Warning FailedMount 18s (x8 over 84s) kubelet MountVolume.MountDevice failed for volume "pvc-0091ed72-b8d3-4642-9c65-cb45ddfc328e" : rpc error: code = Internal desc = exi
Actual results
Node can map the block device but cannot mount it. From the logs, I think the driver try to grep info of the block device using blkid command but not success. Everything works fine when we have kubelet v1.30.
Expected behavior
Node can map and mount the block device to provide to the pods.
Logs
If the issue is in PVC mounting please attach complete logs of below containers.
- csi-rbdplugin/csi-cephfsplugin and driver-registrar container logs from
plugin pod from the node where the mount is failing.

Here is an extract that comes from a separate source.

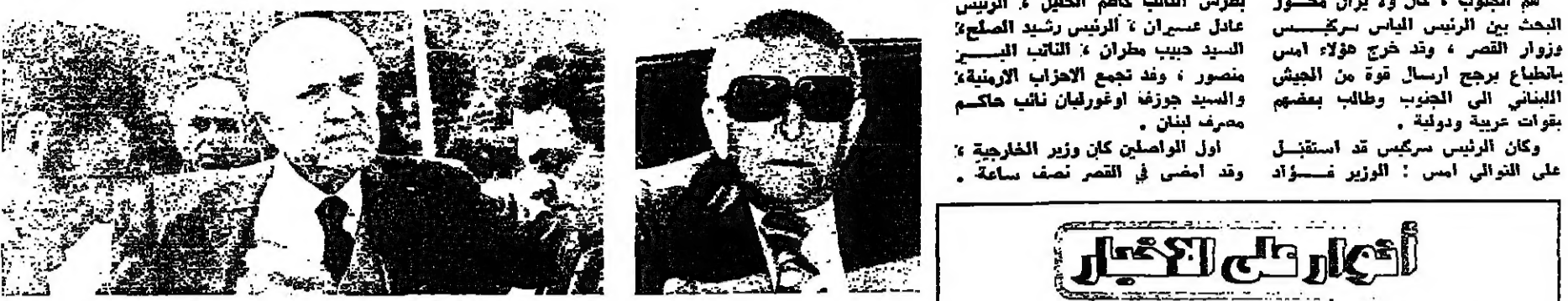
الرئيس عادل عسيران يولي بصرحه

قال الوزير بصرح بعد المظلة: لقد استعرضنا بعض المواضيع التي تتعلق بالسياسة الخارجية، ونظرات الوضع في الأيام الأخيرة، في ضوء التحركات الديبلوماسية والعربية والدولية. هل ان قضية الجنوب ستطرح فعلا في الامم المتحدة؟ هل من يظن ان شيء بهذا المعنى حتى هذه الساعة، الا ان طريق الصفاء. هل من حل عملي قريب للجانب؟ انتظروا شوي... وحسب. التار نشطه او لا نشطه. الخليل: لتتعاون على الحل قال الوزير بصرح بعد المظلة: لقد استعرضنا بعض المواضيع التي تتعلق بالسياسة الخارجية، ونظرات الوضع في الأيام الأخيرة، في ضوء التحركات الديبلوماسية والعربية والدولية. هل ان قضية الجنوب ستطرح فعلا في الامم المتحدة؟ هل من يظن ان شيء بهذا المعنى حتى هذه الساعة، الا ان طريق الصفاء. هل من حل عملي قريب للجانب؟ انتظروا شوي... وحسب. التار نشطه او لا نشطه.

I0109 09:44:29.224808 941792 nodeserver.go:422] ID: 327 Req-ID: 0001-0024-4d3a09c7-d8d2-4927-91cd-08ca6601d0b2-0000000000000007-fe3ca7ee-580e-11ec-b976-a289cdd026fa rbd image: k8s-sharedpool/csi-vol-fe3ca7ee-580e-11ec-b976-a289cdd026fa was successfully mapped at /dev/rbd0
I0109 09:44:29.224926 941792 mount_linux.go:577] Attempting to determine if disk "/dev/rbd0" is formatted using blkid with args: ([-p -s TYPE -s PTTYPE -o export /dev/rbd0])
I0109 09:44:29.227079 941792 mount_linux.go:580] Output: "blkid: error: /dev/rbd0: Operation not permitted\n"

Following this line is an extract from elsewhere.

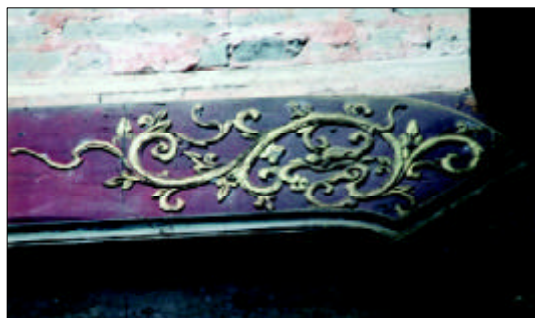
罕见的鎏金“龙首凤”图

E0109 09:44:29.229984 941792 nodeserver.go:825] ID: 327 Req-ID: 0001-0024-4d3a09c7-d8d2-4927-91cd-08ca6601d0b2-0000000000000007-fe3ca7ee-580e-11ec-b976-a289cdd026fa failed to run mkfs.ext4 ([-m0 -Enodiscard,lazy_itable_init=1,lazy_journal_init=1 /dev/rbd0]) error: exit status 1, output: mke2fs 1.46.5 (30-Dec-2021)
mkfs.ext4: Operation not permitted while trying to determine filesystem size
I0109 09:44:29.311555 941792 cephcmds.go:105] ID: 327 Req-ID: 0001-0024-4d3a09c7-d8d2-4927-91cd-08ca6601d0b2-0000000000000007-fe3ca7ee-580e-11ec-b976-a289cdd026fa command succeeded: rbd [unmap /dev/rbd0 --device-type krbd --options noudev]
E0109 09:44:29.311786 941792 utils.go:245] ID: 327 Req-ID: 0001-0024-4d3a09c7-d8d2-4927-91cd-08ca6601d0b2-0000000000000007-fe3ca7ee-580e-11ec-b976-a289cdd026fa GRPC error: rpc error: code = Internal desc = exit status 1
Note:- If its a rbd issue please provide only rbd related logs, if its a
cephFS issue please provide cephFS logs.